WHAT YOU SHOULD DO:
Below are some records. Return exactly their lines from the one containing "公示名單顯示,此次共49家企" through the one containing "- STABLE & SAFE", and drop the pictures.

Records contained in a dataset:
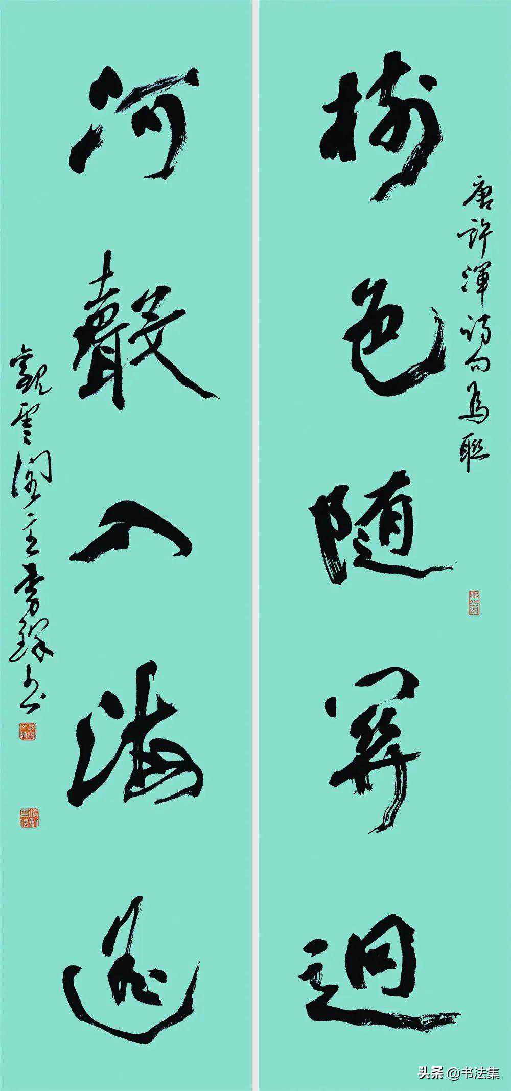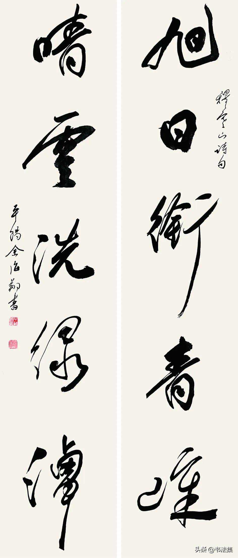余海翔旭日晴云五言联150×38cm×2纸本2023年
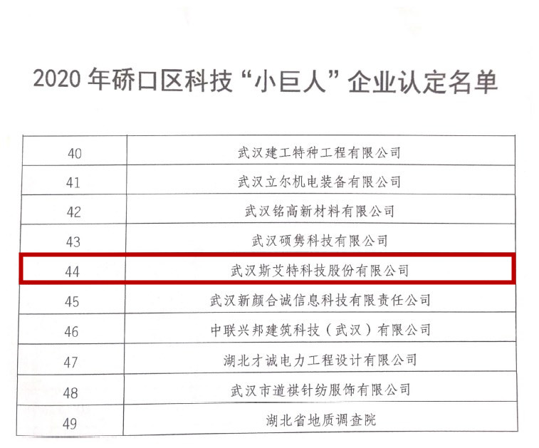 公示名單顯示,此次共49家企業被認定為2020年硚口區科技”小巨人”企業 。斯艾特科技獲此榮譽,是對我們企業的認可和支持,也是促進我們企業創新能力轉化,為服務行業和社會具有重大意義。
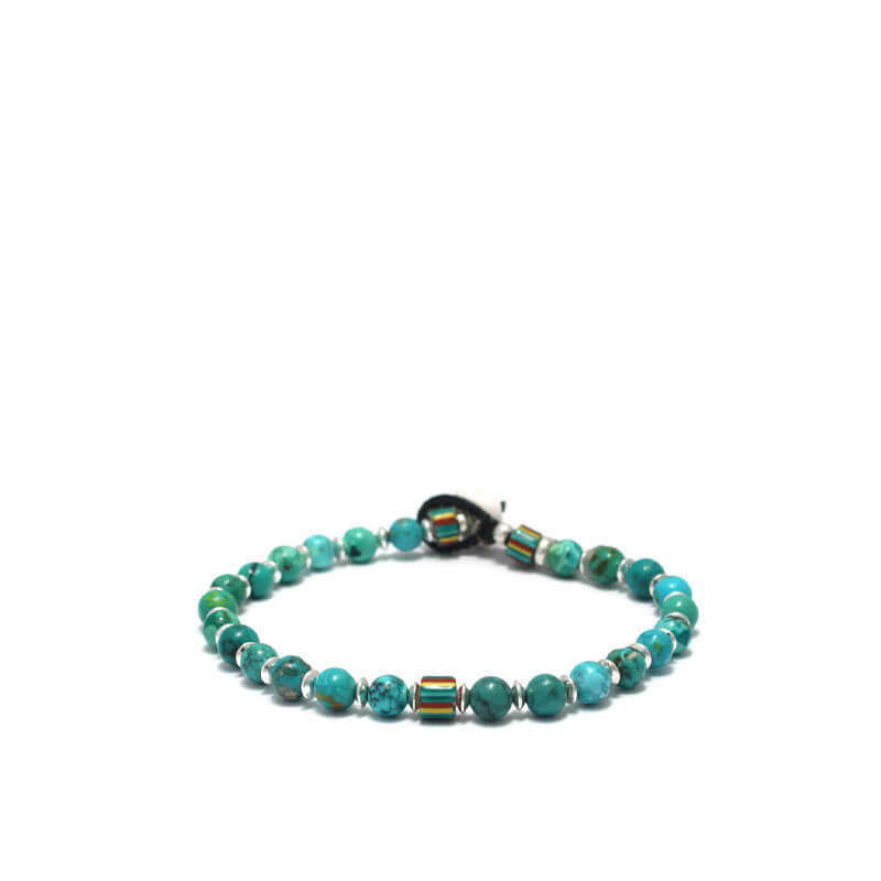 MIKIA 5mm Stone Bracelet – Turquoise: A bracelet with alternating sky blue turquoise and silver Karen beads. Exquisitely colored trade beads add spice. Crafted in Japan and using Mikia original clasps with engravings.
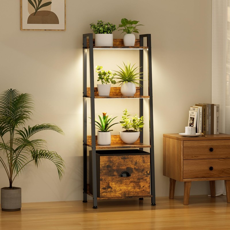 - STABLE & SAFE PLANT STAND: The grow light shelf is constructed from durable metal ladder frame and particle board with four back panels to enhance the overall stability; Anti-tip device is included in the package to securely fasten the bookcase to the wall for safety
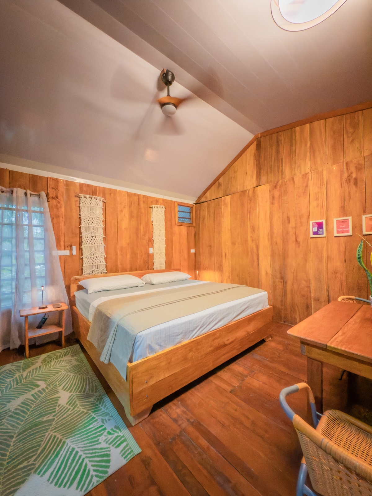 Casa Viva Barrel is a barrel-shaped cottage which provides a novel experience while staying connected to the rich Costa Rican feel and ambiance. The cottage also has a notable craftsman feel where the carpenters took great attention to detail from the shape of the structure to the hand-made furniture, and round-shaped windows that were all custom designed for a truly unique and comfortable experience. It has 2 new mattresses (Queen + Double) which can accommodate up to 4 people

FINISHED EXERCISE:
 公示名單顯示,此次共49家企業被認定為2020年硚口區科技”小巨人”企業 。斯艾特科技獲此榮譽,是對我們企業的認可和支持,也是促進我們企業創新能力轉化,為服務行業和社會具有重大意義。
 MIKIA 5mm Stone Bracelet – Turquoise: A bracelet with alternating sky blue turquoise and silver Karen beads. Exquisitely colored trade beads add spice. Crafted in Japan and using Mikia original clasps with engravings.
 - STABLE & SAFE PLANT STAND: The grow light shelf is constructed from durable metal ladder frame and particle board with four back panels to enhance the overall stability; Anti-tip device is included in the package to securely fasten the bookcase to the wall for safety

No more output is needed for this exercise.